How to Double Your Writing Income!
You can increase your income from writing by using these tips!
Get Paid More Money for Your Writing
You can increase your earnings for almost every article or blog you write if you follow these easy tips!
If you’ve started writing online, or landed a coveted assignment to write a magazine or newspaper article, you may be able to convert it to a bigger assignment, or even an ongoing writing gig. Here's how you can expand the revenue potential of your writing:
Write a Sidebar: Sidebars are those small ‘extra’ pieces that often accompany a larger article. They’re generally featured in a shaded box to one side of the main piece. Just so you’ll know - the term ‘sidebar’ was borrowed from the legal field, and refers to those whispered conversations between lawyers and judges to the side of the bench.
If you're writing your own blog or website, simply add an extra piece that will increase the appeal of the page or site.
If you freelance for a site or publication, be sure you have a few ideas in mind when you offer to do the sidebar (don’t just ask the editor if you can write one). When you show the editor you can offer additional value or content, he or she may well go for it.
It’s extra work, so it should command extra pay, but a bit less than the main piece. If you’re going to get $150 for the an article, for example, you might expect $50 for a short sidebar that expands on some element of the original story. Articles can have more than one sidebar, too, by the way, so let your ideas flow.
Keep the topic alive from issue to issue
You Can Turn One Writing Assignment Into Several More Gigs
Suggest a series of articles: Editors are always hungry for content ideas. If you see more than one direction you can take a story, see whether it could become a series of at least three pieces. This will give you an ongoing temporary assignment for the negotiation time spent for only one of the pieces. Freelancers spend a lot of time just getting assignments; by turning one article assignment into a series of three or four stories, you in effect increase the amount you’re being paid for your time. Don’t forget to pitch sidebars during the series, so you’ll get even more mileage.
Create your own series! If you're a blogger or have your own website, think in terms of continuity. Scatter-shooting your ideas is like scatter-shooting your revenue - readers don't know what to expect when they land on your pages. Sure - some writers gain a following - but they're known for certain themes, such as food, humor, do-it-yourself tips, etc. Even if you're a generalist, you can create more impact by indexing your articles by topic, creating a series on one topic, or even branching out to create new websites (which can have unique looks). Go for it!
Develop an ongoing column: Websites and magazines need regular ‘departments’ about topics, such as technology, fashion, food, entertainment and others. Many newer sites or magazines are good sources for developing ongoing gigs. If you’re writing about a topic that has broad interest (such as dining out) but there’s no ongoing department yet, offer to write a regular column about that topic. You’ll have a regular writing gig, and will build clips quickly as you produce a weekly or monthly piece. If the editor likes the idea but says there’s not enough space or budget to go with a column in each issue, suggest every other week or month, or even quarterly, as a way to keep the topic in front of readers.

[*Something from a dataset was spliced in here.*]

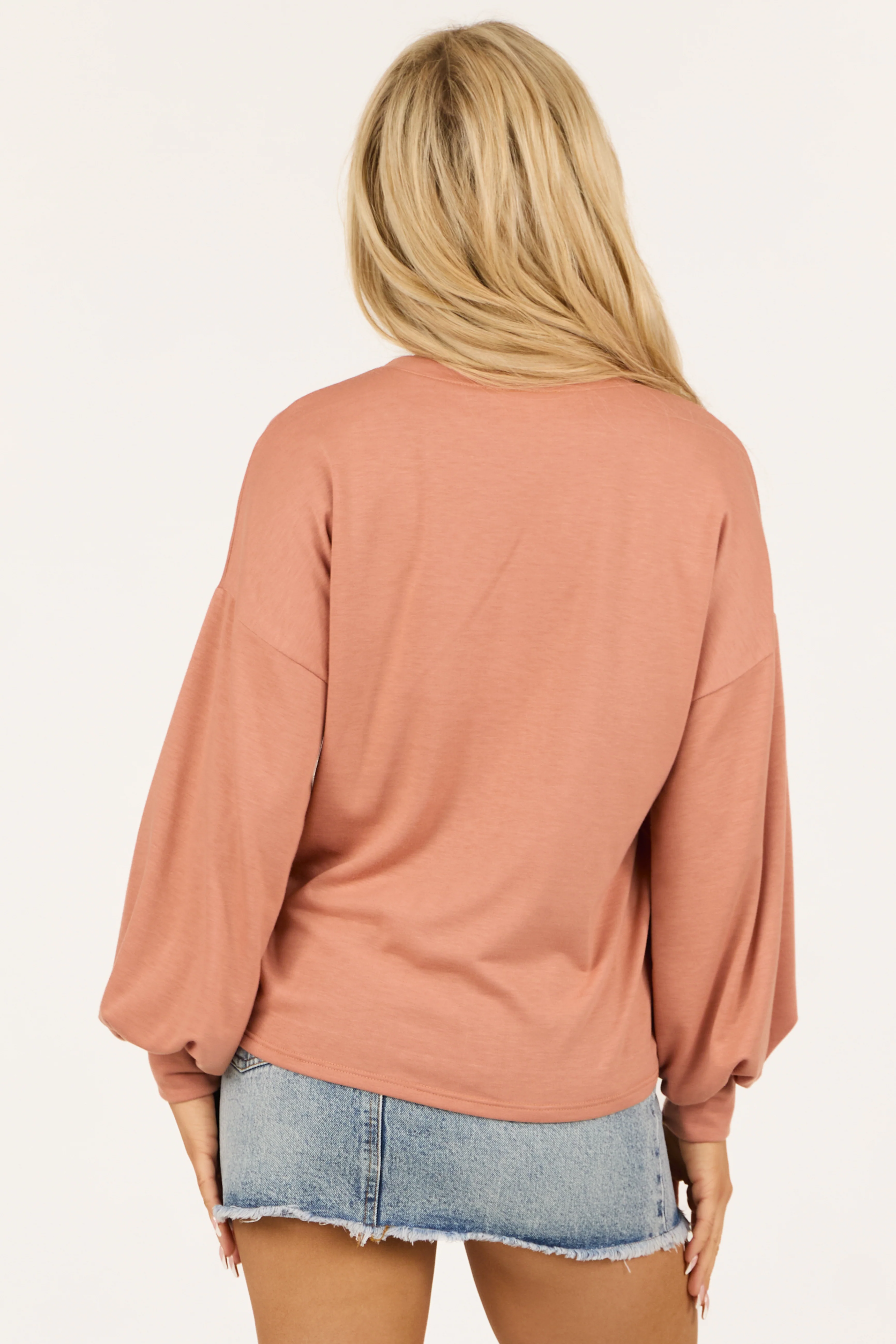 Dusty Blush Faux Leather Puff Sleeve Top

To show how your column can benefit the publication; suggest a few issues’ worth of ideas. If you’re writing for a magazine, gear the ideas to upcoming themes for each issue. For newspapers or other outlets, suggest ideas that have a seasonal appeal or otherwise fit the timeline of publications.
One caveat – if your publication brings you on as the education columnist (or whatever), there may not always be space for your pieces each month. Freelance work is never a sure thing until you get payment, so learn to budget your expenses accordingly.
Make more money through photos and sidebars
Other Ways to Earn Money From Writing
Pitch additional stories: We always uncover other story ideas when we research and write a piece. Keep notes on other interesting topics you come across and use the assignment to build your relationship with the editor by pitching additional stories for subsequent weeks or months.
Add photos: You are even more valuable to an editor if you can provide ‘art’ for your stories (photos, graphs or other visuals). Almost everyone has a decent digital camera these days. If you have to interview someone, take your camera and get interesting shots of them at work or in the environment or context of the story. You can also find and submit suggestions for art from Internet sources; as always, be certain there’s no watermark or copyright issue.
Note: If you take your own photos, you may or may not be paid for them, depending on the publication. Some publications pay additionally, but with others, writers are expected to turn in 'art' for no extra fee.This may not sound fair (and probably isn't), but that's how it is. The upsides, though, are that you'll raise your stock with the editor and you'll also have published photo credits to add to your portfolio.
Develop it into a hub or blog: If you’ve written a great story, but there’s no opportunity to take it further with a publication, consider adapting the idea to this site or to a blog. You’ll need to revise the content to avoid duplication, but since you’ve already researched the piece and produced a story, it will take you less time than developing a story from scratch.
These are just a few ways you can increase the revenue potential of a piece. Once you start thinking along these lines, you’ll come up with additional ideas to expand your income from writing.